Pero cuando un varón nace en la Argentina, seguramente le hes asignado
un color de camiseta de fútbol desde su primer día de vida, e incluso
desde mucho antes.
Si además ese varón llega a una familia "tuerca", y fundamentalmente
de Buenos Aires, es muy probable que también se le imponga una marca
de autos; y aquí no hay mucho para elegir: Ford o Chevrolet.
Yo no sé muy bien cómo ni porqué soy de Chevrolet, pero haciendo memoria
puedo llegar a alguna conclusión.
Crecí mirando series de televisión con autos como protagonistas, mis
primeros garabatos tuvieron cuatro ruedas y mis colecciones siempre
fueron "de carrera". Es más, hoy en día mi habitación se parece más
a un garage que a un dormitorio.
Aún recuerdo las tardes en el taller de mi abuelo, respirando gas
oil a cada paso, rodeado de moles de metal con el logo de Chevrolet
en el frente.
Cuando el Lolo me llevaba a pasear en su Coupé Chevy Serie
2 amarillo Daytona con franjas negras.
O cuando acompañaba a mi papá a trabajar en la pick up C-10 verde.
Mil veces escuché de boca de mi viejo la historia del "Chevrolet ´40
negro con tapizados rojos", es que ése fue su primer auto y para uno es imposible
olvidarlo, como al primer amor.
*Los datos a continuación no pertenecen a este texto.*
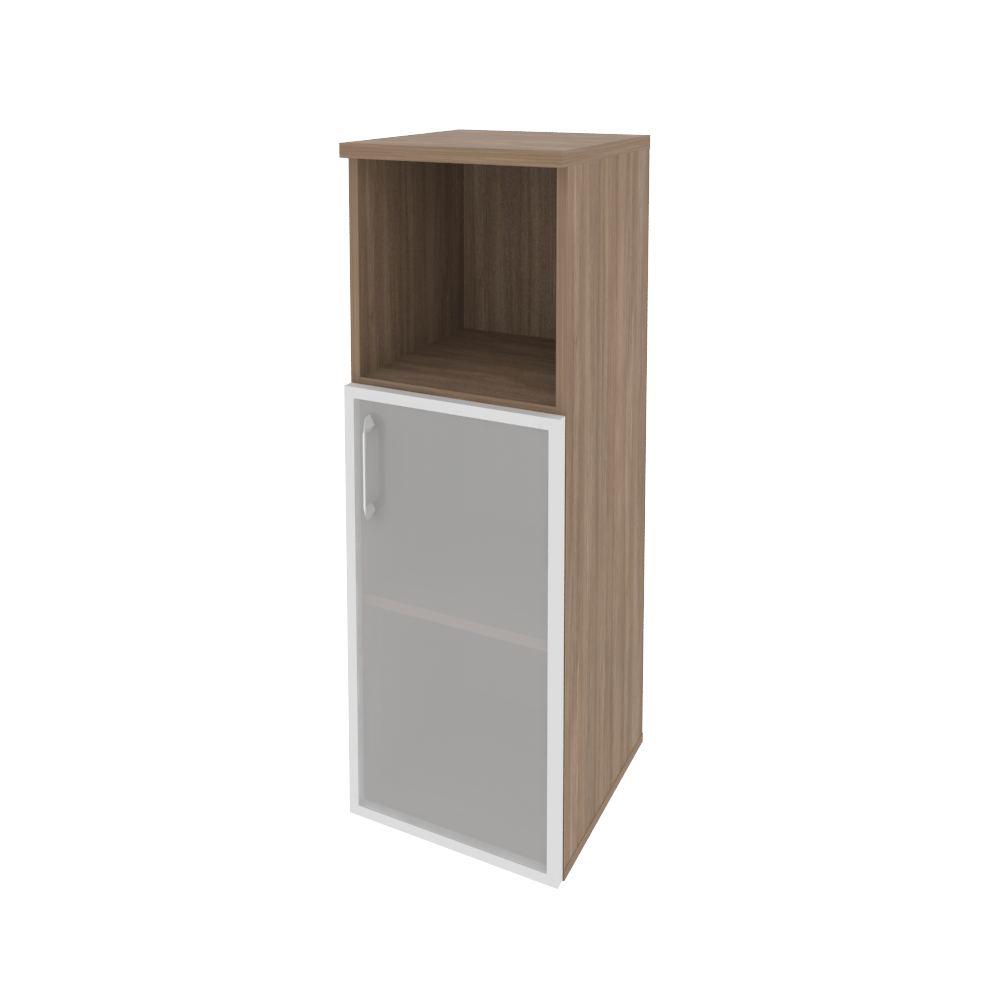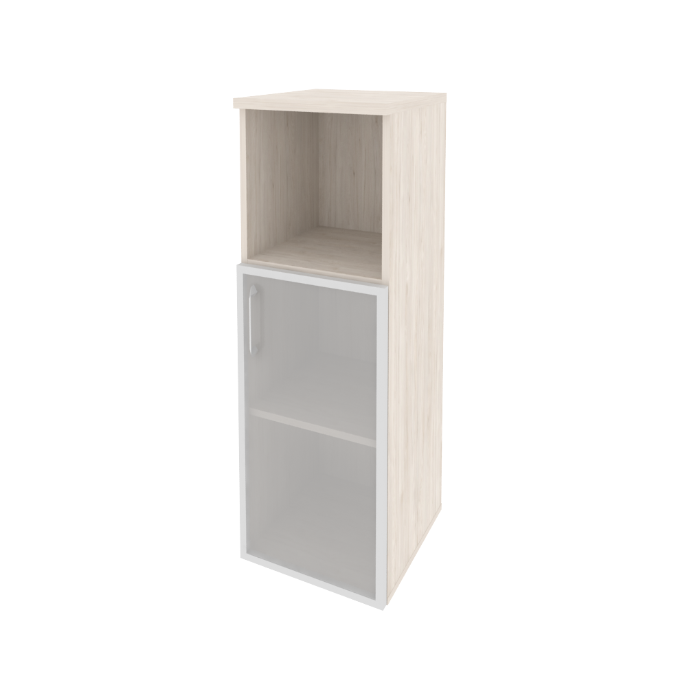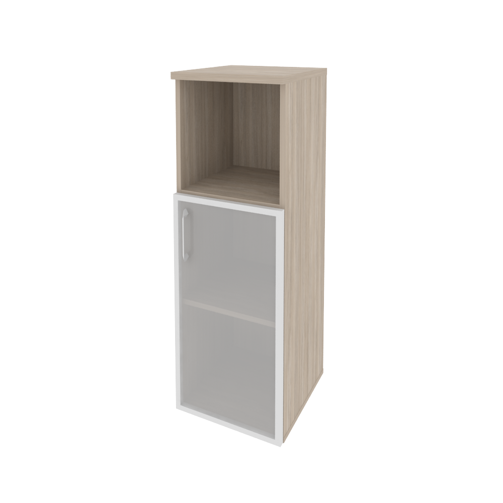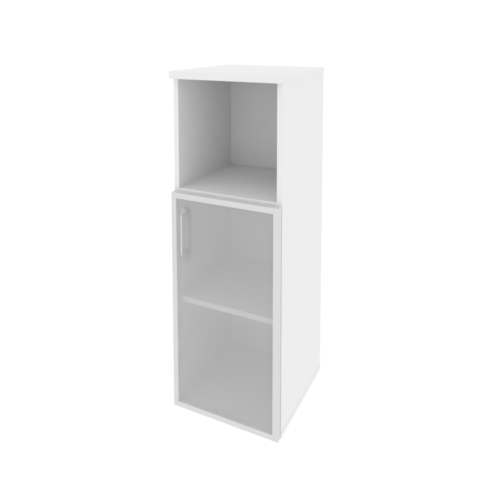 O.SU-2.2R(R) Шкаф средний узкий правый (1 низкий фасад стекло в раме) 400*420*1207 Белый бриллиант

Además, en diapositivas, conocí
a la camioneta Chevrolet Apache con la que mis viejos veraneaban hace
30 años...
Y no me olvido de la Coupé Chevy azul de mi tío, ésa que me deslumbró
porque "tenía luces en el interior de las puertas".
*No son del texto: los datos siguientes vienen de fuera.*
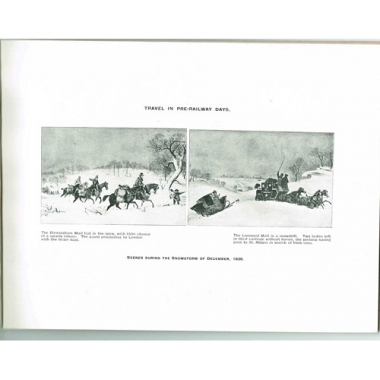 Fold-out double centre-page illustration of carriages, "Travelling on the Liverpool and Manchester Railway"

¿Será por todo esto que soy de Chevrolet? O porque se me eriza la
piel cada vez que voy a la tribuna 15 del Gálvez a alentar a cuanto
piloto corra con la marca en el TC.
No sé por qué será, pero de lo que estoy seguro es que en agosto
de 1998 hice realidad uno de mis sueños. Y hoy trato de saber por
qué le pasan estas cosas a los hombres mientras voy al volante de
mi Coupé Chevy Serie 2 amarillo Daytona con franjas negras, casi igualita
a la del Lolo, mi abuelo...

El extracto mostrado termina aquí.